Pictures must not appear in the copy. Restate exactly the lines below from the one with "Der erste Eindruck" through the one with "Each layer of", inclusive.

===== Data

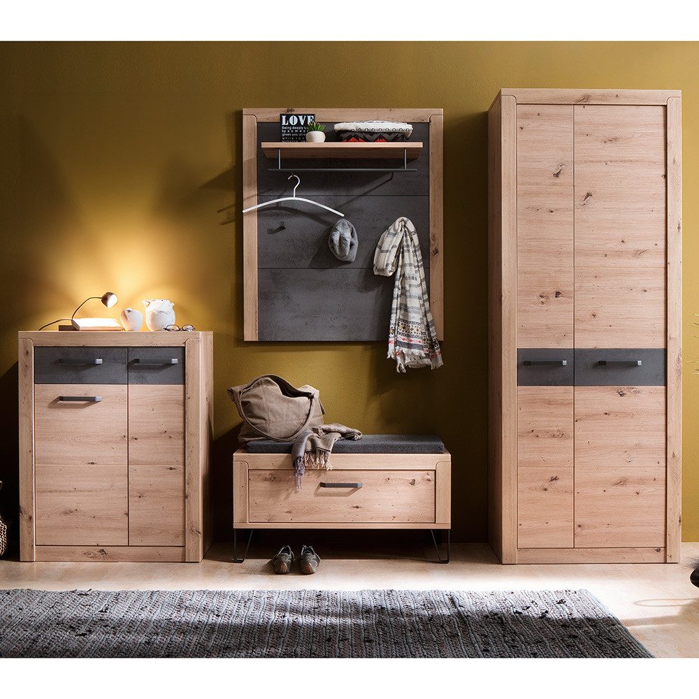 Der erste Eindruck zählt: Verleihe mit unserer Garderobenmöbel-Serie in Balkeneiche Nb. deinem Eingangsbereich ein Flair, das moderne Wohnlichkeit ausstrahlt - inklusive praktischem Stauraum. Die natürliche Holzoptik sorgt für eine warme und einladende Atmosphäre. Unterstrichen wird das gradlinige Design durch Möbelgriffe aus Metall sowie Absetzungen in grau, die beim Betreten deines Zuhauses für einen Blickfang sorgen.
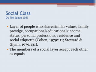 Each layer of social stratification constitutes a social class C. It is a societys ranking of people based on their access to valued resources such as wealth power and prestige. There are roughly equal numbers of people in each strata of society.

==========
===== Data

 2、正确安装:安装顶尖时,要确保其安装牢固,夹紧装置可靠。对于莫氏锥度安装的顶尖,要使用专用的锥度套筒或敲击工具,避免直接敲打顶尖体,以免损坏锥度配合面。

==========
===== Data

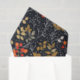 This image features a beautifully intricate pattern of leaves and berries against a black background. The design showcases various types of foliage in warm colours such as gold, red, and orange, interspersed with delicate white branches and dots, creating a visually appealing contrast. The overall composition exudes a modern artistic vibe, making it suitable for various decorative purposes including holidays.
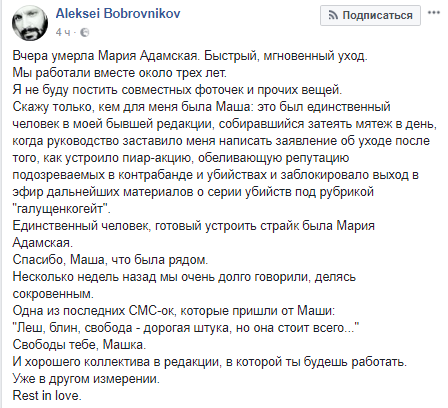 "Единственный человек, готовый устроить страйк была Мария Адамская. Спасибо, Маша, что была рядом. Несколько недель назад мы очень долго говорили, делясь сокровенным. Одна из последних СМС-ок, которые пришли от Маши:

==========

=== Answer to the exercise ===
 Der erste Eindruck zählt: Verleihe mit unserer Garderobenmöbel-Serie in Balkeneiche Nb. deinem Eingangsbereich ein Flair, das moderne Wohnlichkeit ausstrahlt - inklusive praktischem Stauraum. Die natürliche Holzoptik sorgt für eine warme und einladende Atmosphäre. Unterstrichen wird das gradlinige Design durch Möbelgriffe aus Metall sowie Absetzungen in grau, die beim Betreten deines Zuhauses für einen Blickfang sorgen.
 Each layer of social stratification constitutes a social class C. It is a societys ranking of people based on their access to valued resources such as wealth power and prestige. There are roughly equal numbers of people in each strata of society.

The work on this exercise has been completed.